Il deragliamento del treno espresso Milano Taranto

Quel maledetto giorno di novembre

Di Riccardo Mancini

Il Treno Espresso 519 Milano Taranto deraglia pochi metri dopo la stazione di San Benedetto. Sono le 5.30 di sabato 27 Novembre 1982 e il forte boato e il conseguente rumore assordante delle sirene delle ambulanze e dei vigili del fuoco svegliano la città di San Benedetto del Tronto.
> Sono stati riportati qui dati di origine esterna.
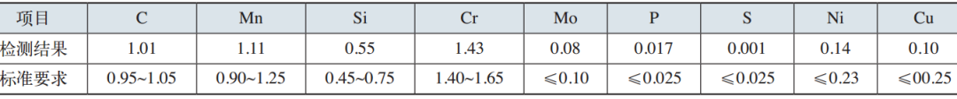 表1 軸承套圈的化學(xué)成分(質(zhì)量分?jǐn)?shù))  (%)

Il treno, con a bordo circa settecento passeggeri, infila un binario disattivato e a un certo punto interrotto per lavori. Il locomotore deraglia, trascina con sè le altre prime quattro carrozze e spezza in due il convoglio facendo ribaltare sul lato sinistro le carrozze coinvolte. Parti dei rotabili terminano nel parco del centro della città e solo l’orario consente di evitare un’altra tregedia.

I passeggeri sono nel panico. Lo schianto è tremendo e le conseguenze tragiche. I soccorsi arrivano tempestivamente sul luogo e molti cittadini intervengono sul posto per dare il lorocontributo.

Sono 3 le vittime di quella maledetta disgrazia e decine i feriti. La prima pagina del Resto del Carlino di Domenica 28 Novembre 1982 scrive: “[…] le vittime sono una donna di 34 anni, della provincia di Potenza, emigrata in Svizzera e il figlio di due anni e mezzo; un bambino di 6 mesi della Provincia di Foggia, che i genitori avevano portato a Milano per una visita specialistica […]”.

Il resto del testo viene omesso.